Вечером в сводчатой спальне он рассказывал о виденных на экране приключениях, чередуя их с собственными выдумками, и засыпал, думая о Поле Негри. Об этой зеленоглазой девочке, из-за которой ему как-то раз изрядно влетело от рослого парня. Догадываясь о его симпатии, она обращалась с ним ласково, и Китаеза обожал ее, испытывая какое-то совсем новое чувство.
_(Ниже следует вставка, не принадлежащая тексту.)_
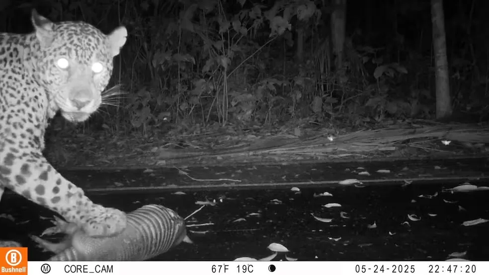 Uma armadilha fotográfica instalada no Parque Nacional do Iguaçu, em Foz do Iguaçu, no Oeste do Paraná, registrou o momento em que uma onça-pintada se preparava para se alimentar. A cena foi capturada pelo Projeto Onças do Iguaçu, que monitora os felinos por meio de câmeras posicionadas em pontos estratégicos da unidade de conservação.
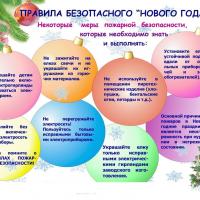 ПАМЯТКА «БЕЗОПАСНЫЙ НОВЫЙ ГОД» Приближается Новый год, Рождественские праздники. Их ждут взрослые и дети. Чтобы долгожданные праздники не закончились трагедией надо строго соблюдать правила пожарной безопасности. Ёлку нужно установить таким образом, чтобы она не мешала свободно ходить по комнате и не заслоняла двери, ведущие в другие комнаты. И, что самое главное, стояла бы подальше от батарей отопления. Нельзя украшать ёлку игрушками, которые легко воспламеняются, обкладывать подставку под ёлкой обычной ватой, украшать дерево горящими свечками. Эти правила относятся как к настоящим ёлкам, так и к искусственным. Электрические гирлянды тоже могут стать причиной пожара или поражения человека электрическим током – электротравмы. Гирлянда безопасна, если прошла сертификацию и во время хранения на складе магазина не была испорчена. Бывает, что гирлянда служит на протяжении многих лет. В этом случае тем более стоит удостовериться, что она исправна. Какой новогодний праздник обходится без бенгальских огней, фейерверков, петард! Перед Новым годом все прилавки завалены пиротехническими игрушками. К сожалению, нередко их качество оставляет желать лучшего. Поэтому необходимо помнить, что применение пиротехнических игрушек может привести не только к пожару, но и к серьёзным травмам. Чтобы предотвратить несчастный случай, необходимо строго соблюдать правила пользования пиротехническими изделиями. Не стоит приобретать их на оптовых рынках. Нельзя использовать игрушки с поврежденным корпусом или фитилем Детям без присмотра взрослых недопустимо: • использовать пиротехнические игрушки в жилых помещениях – квартирах или на балконах • носить такие изделия в карманах • направлять ракеты и петарды на людей • подходить ближе, чем на 15 метров к зажжённым фейерверкам • бросать петарды под ноги • поджигать фитиль, держа его возле лица • использовать пиротехнику при сильном ветре. Уважаемые родители! Расскажите ребёнку о правилах пожарной безопасности, выполняя это в доступной форме в виде бесед, сказок дети узнают об опасностях игр со спичками, зажигалками, петардами, о правилах поведения при пожаре. Помните! Соблюдение мер пожарной безопасности – это залог вашего благополучия, сохранности вашей жизни и жизни ваших близких!
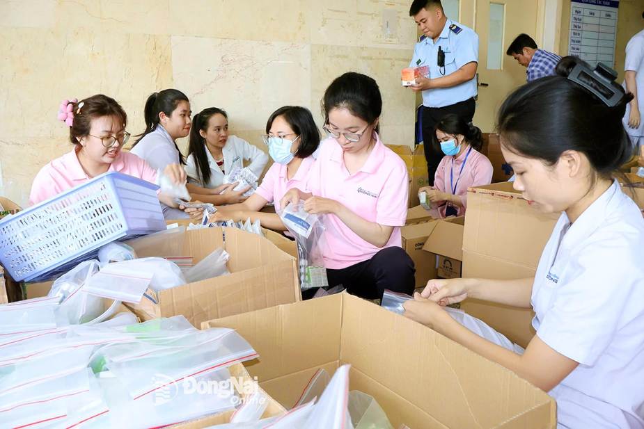 Nhân viên y tế Bệnh viện Đa khoa Đồng Nai tập trung đóng gói thuốc mang đi hỗ trợ người dân Đắk Lắk. Ảnh: BVCC
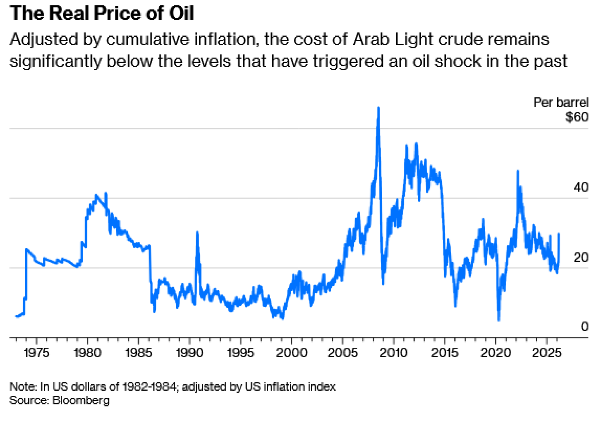Hoće li to uspjeti? U realnim okvirima, prilagođeno kumulativnom utjecaju inflacije, nafta je još uvijek znatno ispod prethodnih vrhunaca. Cijena od 139 dolara po barelu dosegnutih u ožujku 2022. godine nakon što je Rusija napala Ukrajinu iznosi oko 157 dolara u današnjem novcu. Cijena od 147,50 dolara po barelu iz srpnja 2008. godine ekvivalentna je iznosu od oko 205 dolara po barelu danas. Osim toga, utjecaj na cijene je do sada bio kratkotrajan, mjeren u danima, a ne mjesecima ili kvartalima.
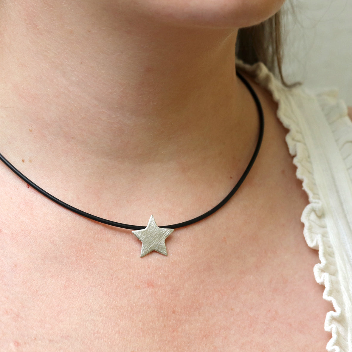 Ein funkelnder Sern in Silber. Dieser schlichte Anhänger kann zu jedem Anlass getragen werden- egal ob an einer langen Kette oder einem kurzen Reifen - er passt immer. Der Reif ist nicht im Preis enthalten.
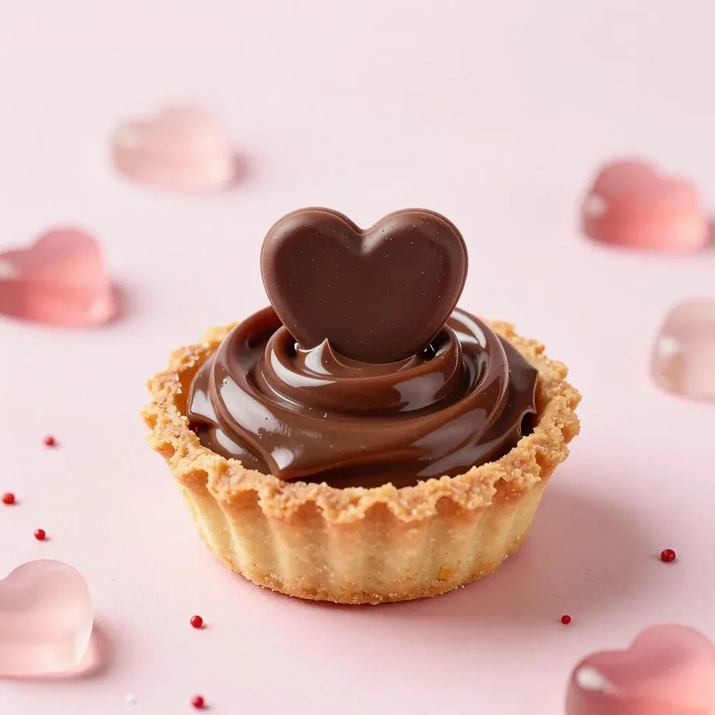 A mini chocolate tart features a crisp fluted pastry shell filled with glossy chocolate ganache and topped with a smooth chocolate heart, surrounded by scattered translucent pink hearts and red sprinkles. Soft diffused lighting from the upper left creates gentle highlights and subtle shadows, with a shallow depth of field emphasizing the tart while softly blurring the background elements.

Он стремился постоянно быть возле нее и надеялся когда-нибудь отблагодарить за это счастье, вырвав ее из лап смерти. И вот в тот день, когда начальница отправилась за покупками, он и решил разведать, какая опасность грозит Поле Негри. Он шел осторожно, точно боялся малейшим шумом вызвать тревогу. Основания для беспокойства у него были, он знал по опыту: если тебя зовут в кабинет, то уж наверняка выбранят на чем свет стоит да еще попотчуют «ведьмой» — линейкой, которую преподнес начальнице падре Жеронимо. «Но в чем могла провиниться Пола Негри?!»

Алсидес шел медленно, но сердце его бешено колотилось. В этот момент он был тем киногероем с полумаской на лице, который должен спасти девушку от опасности: «Руки вверх! А ну, руки вверх!»

У самой двери Китаеза заколебался. Никто не кричал, и он подумал, не лучше ли удрать потихоньку, пока никто не застал его здесь и не поднял на смех. Однако у любопытства оказались более цепкие коготки, чем у благоразумия… И он прильнул глазом к замочной скважине.

«Вот черт!» Он отпрянул в испуге, однако тотчас подался вперед и в отчаянии так саданул дверь, что она задрожала. «Полу Негри убивают!»

— Спасите! — заорал он как безумный. — На помощь! Спасите!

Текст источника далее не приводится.